Given data →
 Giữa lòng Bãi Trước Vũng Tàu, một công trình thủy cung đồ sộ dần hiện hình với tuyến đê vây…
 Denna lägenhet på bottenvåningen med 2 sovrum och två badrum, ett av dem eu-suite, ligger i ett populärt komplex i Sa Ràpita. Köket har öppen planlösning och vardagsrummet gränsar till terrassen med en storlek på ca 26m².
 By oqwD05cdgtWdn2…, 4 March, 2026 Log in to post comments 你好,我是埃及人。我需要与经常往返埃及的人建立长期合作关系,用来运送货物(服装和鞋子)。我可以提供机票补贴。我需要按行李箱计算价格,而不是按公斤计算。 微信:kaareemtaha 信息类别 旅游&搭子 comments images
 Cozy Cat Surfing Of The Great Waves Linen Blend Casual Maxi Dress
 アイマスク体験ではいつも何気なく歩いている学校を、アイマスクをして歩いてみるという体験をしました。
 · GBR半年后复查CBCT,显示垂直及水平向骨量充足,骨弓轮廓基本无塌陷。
...
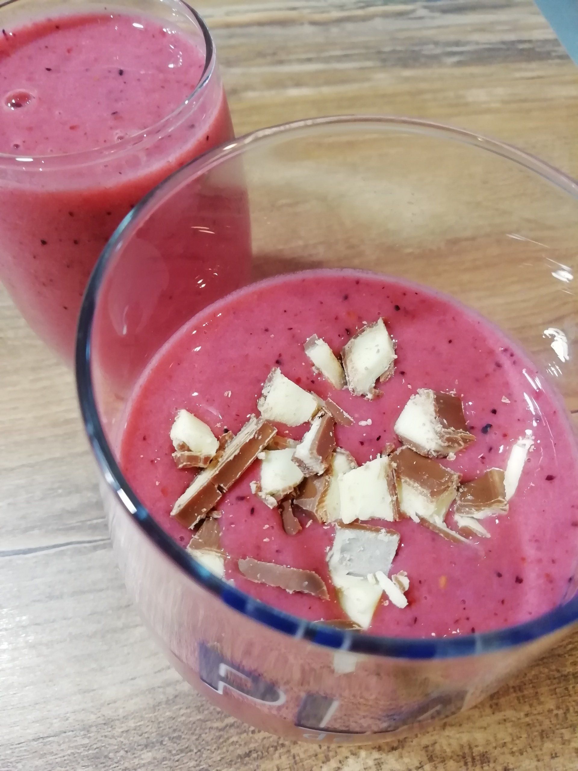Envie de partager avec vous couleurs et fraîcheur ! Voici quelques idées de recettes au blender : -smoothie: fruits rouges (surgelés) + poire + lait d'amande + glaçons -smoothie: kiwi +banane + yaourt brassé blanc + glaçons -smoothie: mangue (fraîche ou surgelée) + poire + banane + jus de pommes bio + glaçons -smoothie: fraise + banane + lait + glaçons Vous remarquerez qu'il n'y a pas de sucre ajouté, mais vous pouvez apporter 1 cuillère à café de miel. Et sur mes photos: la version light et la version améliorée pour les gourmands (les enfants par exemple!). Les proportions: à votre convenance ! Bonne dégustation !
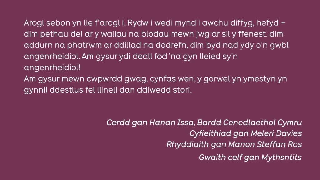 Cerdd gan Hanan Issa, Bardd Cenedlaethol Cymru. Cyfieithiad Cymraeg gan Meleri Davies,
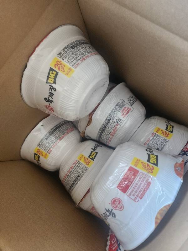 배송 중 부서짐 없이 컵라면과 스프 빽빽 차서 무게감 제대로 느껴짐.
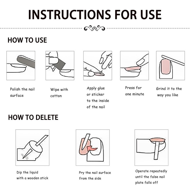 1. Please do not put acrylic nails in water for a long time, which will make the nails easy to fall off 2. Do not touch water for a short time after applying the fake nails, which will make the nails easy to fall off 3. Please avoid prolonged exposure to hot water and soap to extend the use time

Directions for this task → Range to copy from the listing above: the line with "Cerdd gan Hanan" through the line with "1. Please do". Transcribe it exactly and skip the pictures.

Result of this task →
 Cerdd gan Hanan Issa, Bardd Cenedlaethol Cymru. Cyfieithiad Cymraeg gan Meleri Davies,
 배송 중 부서짐 없이 컵라면과 스프 빽빽 차서 무게감 제대로 느껴짐.
 1. Please do not put acrylic nails in water for a long time, which will make the nails easy to fall off 2. Do not touch water for a short time after applying the fake nails, which will make the nails easy to fall off 3. Please avoid prolonged exposure to hot water and soap to extend the use time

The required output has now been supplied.